[WORK TASK] Which lines below fall between the one containing "Mit einer Menschenkette" and the one containing "お隣の旧同窓会事務室では、前"? Repeat them exactly, counting both of those lines, and add nothing else.

[RECORD EXCERPTS]
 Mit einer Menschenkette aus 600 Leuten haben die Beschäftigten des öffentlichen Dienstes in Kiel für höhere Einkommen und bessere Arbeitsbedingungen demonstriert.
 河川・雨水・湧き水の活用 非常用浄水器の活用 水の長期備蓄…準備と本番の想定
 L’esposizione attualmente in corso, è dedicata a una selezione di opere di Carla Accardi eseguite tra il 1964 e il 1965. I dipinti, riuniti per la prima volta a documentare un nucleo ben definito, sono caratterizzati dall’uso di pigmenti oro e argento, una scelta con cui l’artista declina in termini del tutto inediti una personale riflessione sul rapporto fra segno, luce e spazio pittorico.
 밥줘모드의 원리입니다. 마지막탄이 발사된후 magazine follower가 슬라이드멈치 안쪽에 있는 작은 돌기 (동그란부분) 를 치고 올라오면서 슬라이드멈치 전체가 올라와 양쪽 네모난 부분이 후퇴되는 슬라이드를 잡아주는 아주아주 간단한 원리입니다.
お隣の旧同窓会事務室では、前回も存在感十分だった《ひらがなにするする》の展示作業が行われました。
---
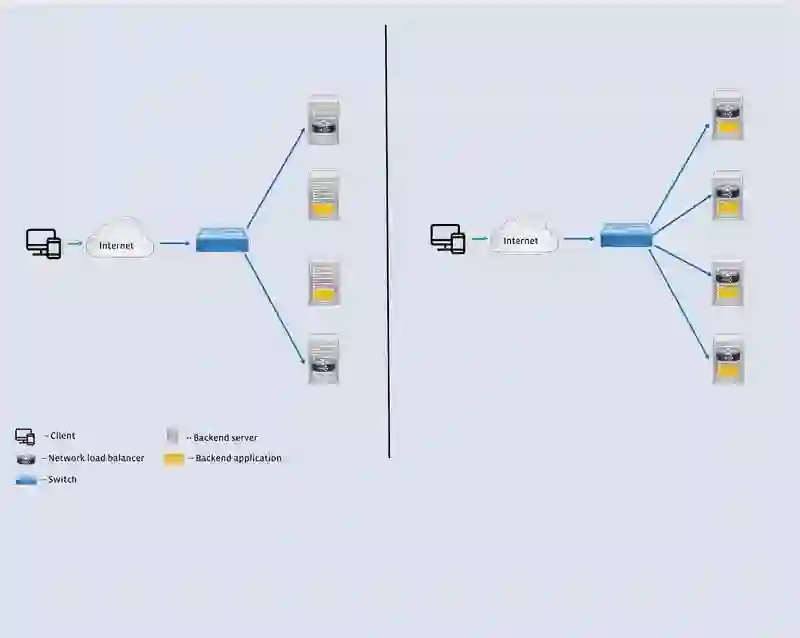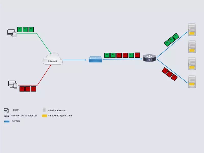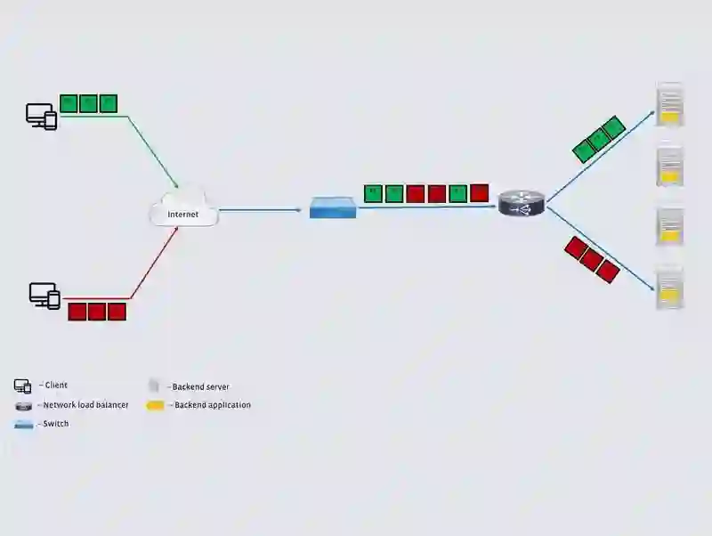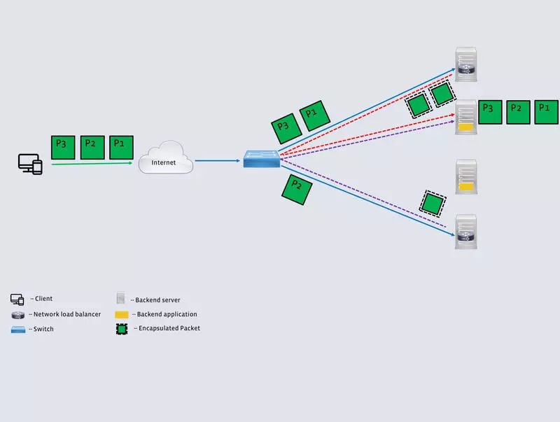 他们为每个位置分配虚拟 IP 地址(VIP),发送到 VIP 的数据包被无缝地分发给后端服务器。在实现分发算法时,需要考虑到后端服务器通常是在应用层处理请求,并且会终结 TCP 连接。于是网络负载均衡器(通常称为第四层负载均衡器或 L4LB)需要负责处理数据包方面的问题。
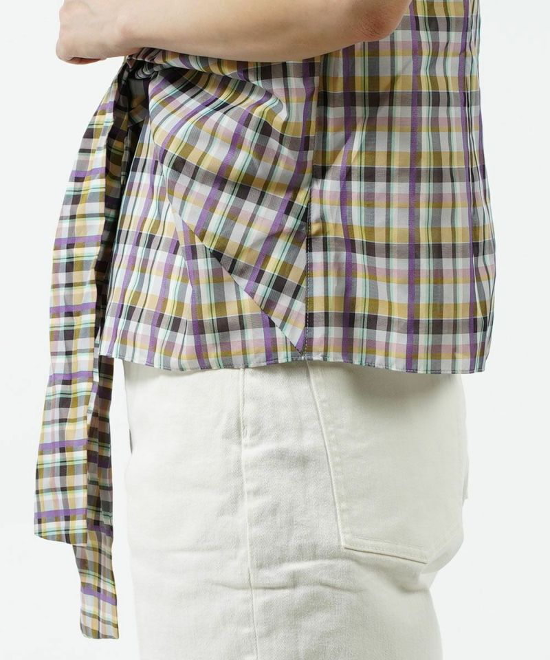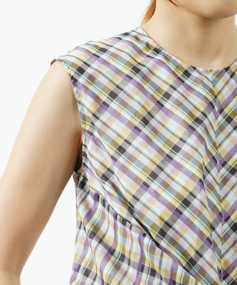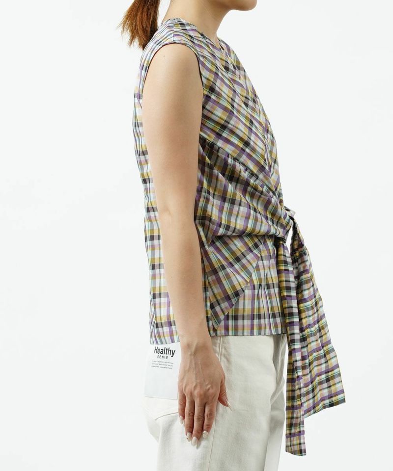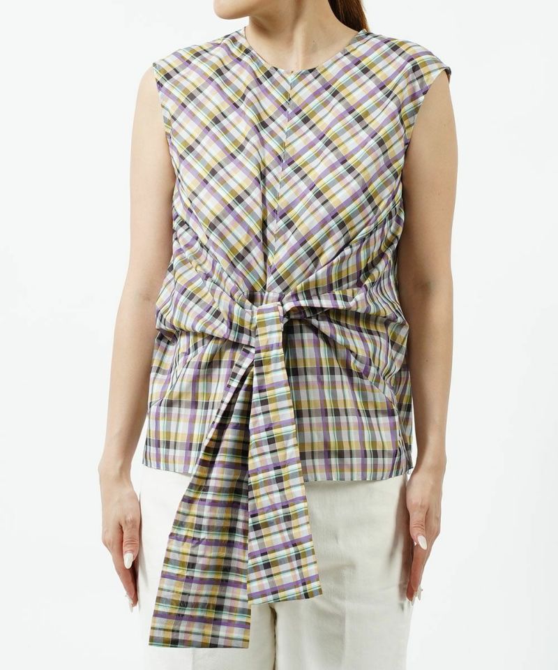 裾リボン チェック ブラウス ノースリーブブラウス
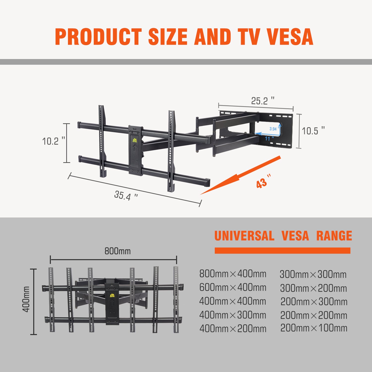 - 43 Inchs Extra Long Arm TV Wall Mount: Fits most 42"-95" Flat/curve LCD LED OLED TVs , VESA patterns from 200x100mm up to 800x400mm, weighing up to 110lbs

[ANSWER SPACE]
 Mit einer Menschenkette aus 600 Leuten haben die Beschäftigten des öffentlichen Dienstes in Kiel für höhere Einkommen und bessere Arbeitsbedingungen demonstriert.
 河川・雨水・湧き水の活用 非常用浄水器の活用 水の長期備蓄…準備と本番の想定
 L’esposizione attualmente in corso, è dedicata a una selezione di opere di Carla Accardi eseguite tra il 1964 e il 1965. I dipinti, riuniti per la prima volta a documentare un nucleo ben definito, sono caratterizzati dall’uso di pigmenti oro e argento, una scelta con cui l’artista declina in termini del tutto inediti una personale riflessione sul rapporto fra segno, luce e spazio pittorico.
 밥줘모드의 원리입니다. 마지막탄이 발사된후 magazine follower가 슬라이드멈치 안쪽에 있는 작은 돌기 (동그란부분) 를 치고 올라오면서 슬라이드멈치 전체가 올라와 양쪽 네모난 부분이 후퇴되는 슬라이드를 잡아주는 아주아주 간단한 원리입니다.
お隣の旧同窓会事務室では、前回も存在感十分だった《ひらがなにするする》の展示作業が行われました。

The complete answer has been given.